To repeat, the conclusions of DDPP and TEFP  that in order to achieve our climate change goals we will need to increase our electricity supply on the order of 130% and 220% above current requirements by 2050 remain unchallenged in this assessment. This is almost exactly what I have written previously on the topic. The numbers haven’t gone away and this report makes no significant effort to show otherwise.
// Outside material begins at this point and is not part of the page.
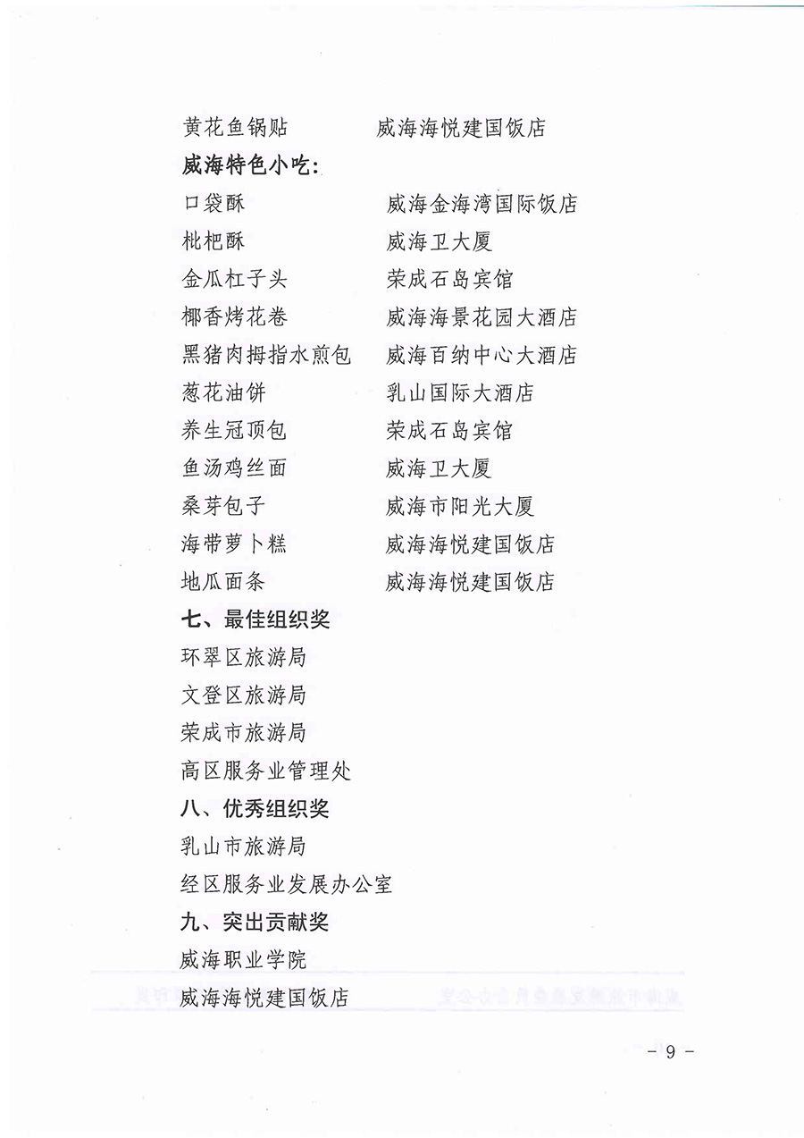 关于对威海市旅游饭店服务技能大赛获奖单位及个人进行表彰的决定

Unfortunately I am running out of time to finish this blog post as my lunch break is well over so I will not go into their examination of the MKJA MK Jaccard and Associates Inc  (Jaccard) Report at this time (possibly more on this in a later blog post). I will point out, however, that the studies being covered in that section pre-date the Paris Agreement and in some case completely underestimate more current estimates. As an example, the authors cite a BC Hydro load forecast that predicts that electric vehicles will make up only 13% of the private vehicle fleet in 2036. If that is the case then BC has no chance of meeting its climate change goals. Under BC’s zero emission pledge  we are supposed to be 100% zero emission vehicles by 2050 and given the lifetime of the average vehicle if we are only at 13% in 2036 we stand zero chance of being at 100% in 2050. Moreover afterall that the author’s still agree with the Jaccard report conclusion while only wondering about its actual timeline:

based on the MKJA study, deep reductions in British Columbia’s GHG emissions would result in substantially more electricity demand. However, the extent of this increase in demand and its timing remain highly uncertain.